▶ [Work to be completed]:
Retype the data below verbatim; pictures do not belong in the copy.

*** Data extract Section Begins ***

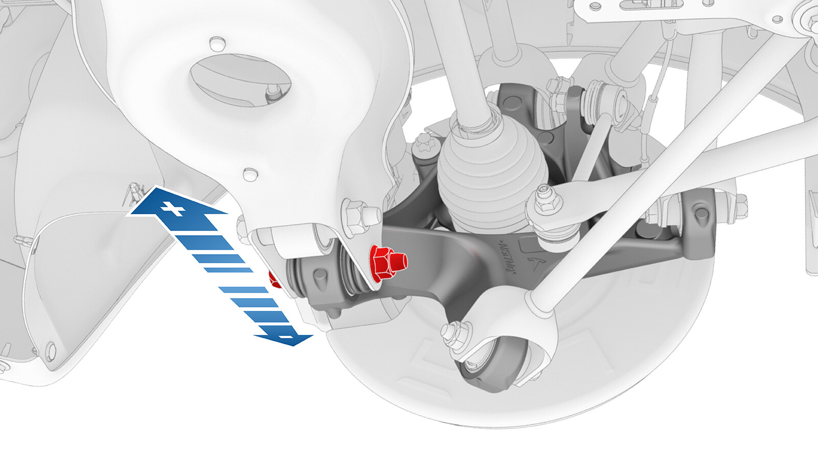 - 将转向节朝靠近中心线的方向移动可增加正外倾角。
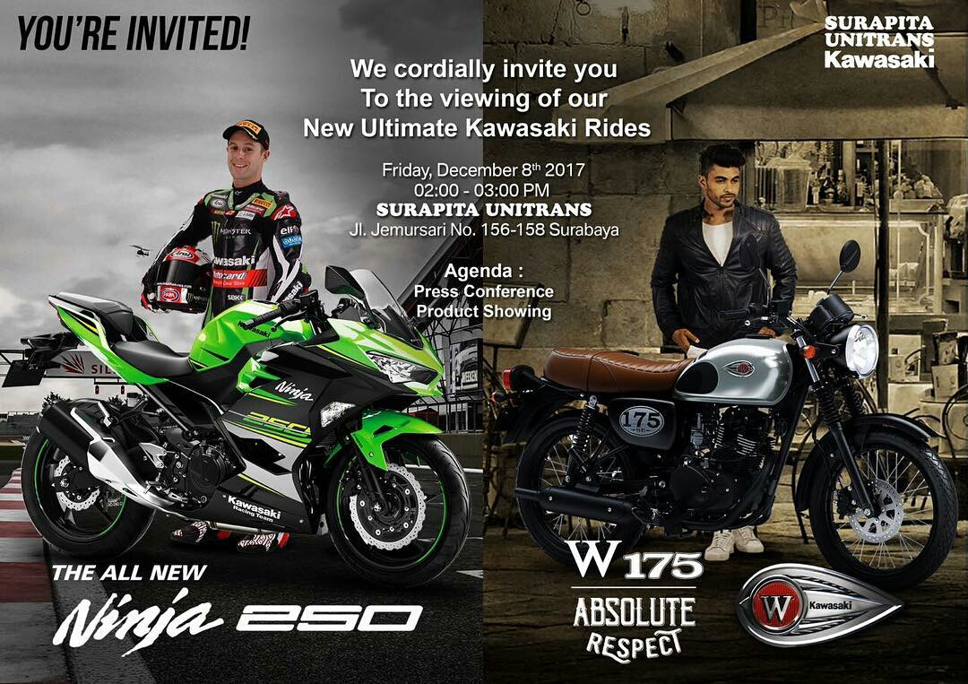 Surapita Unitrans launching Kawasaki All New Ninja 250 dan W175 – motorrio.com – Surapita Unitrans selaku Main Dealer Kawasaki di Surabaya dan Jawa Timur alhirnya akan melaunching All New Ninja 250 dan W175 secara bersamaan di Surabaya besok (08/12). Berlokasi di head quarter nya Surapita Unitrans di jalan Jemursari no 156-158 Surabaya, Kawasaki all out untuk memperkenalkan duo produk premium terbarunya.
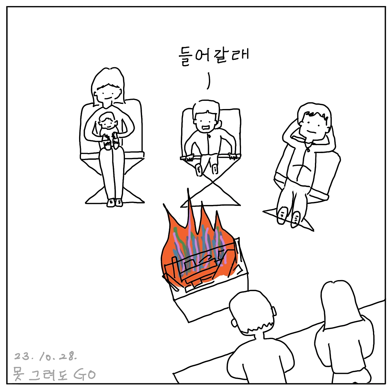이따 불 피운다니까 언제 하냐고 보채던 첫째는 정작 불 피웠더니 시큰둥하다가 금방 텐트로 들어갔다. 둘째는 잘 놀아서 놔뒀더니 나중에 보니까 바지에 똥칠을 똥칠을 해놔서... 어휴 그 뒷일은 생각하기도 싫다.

*** Data extract Section Ends ***

▶ [Answer for this exercise]:
 - 将转向节朝靠近中心线的方向移动可增加正外倾角。
 Surapita Unitrans launching Kawasaki All New Ninja 250 dan W175 – motorrio.com – Surapita Unitrans selaku Main Dealer Kawasaki di Surabaya dan Jawa Timur alhirnya akan melaunching All New Ninja 250 dan W175 secara bersamaan di Surabaya besok (08/12). Berlokasi di head quarter nya Surapita Unitrans di jalan Jemursari no 156-158 Surabaya, Kawasaki all out untuk memperkenalkan duo produk premium terbarunya.
이따 불 피운다니까 언제 하냐고 보채던 첫째는 정작 불 피웠더니 시큰둥하다가 금방 텐트로 들어갔다. 둘째는 잘 놀아서 놔뒀더니 나중에 보니까 바지에 똥칠을 똥칠을 해놔서... 어휴 그 뒷일은 생각하기도 싫다.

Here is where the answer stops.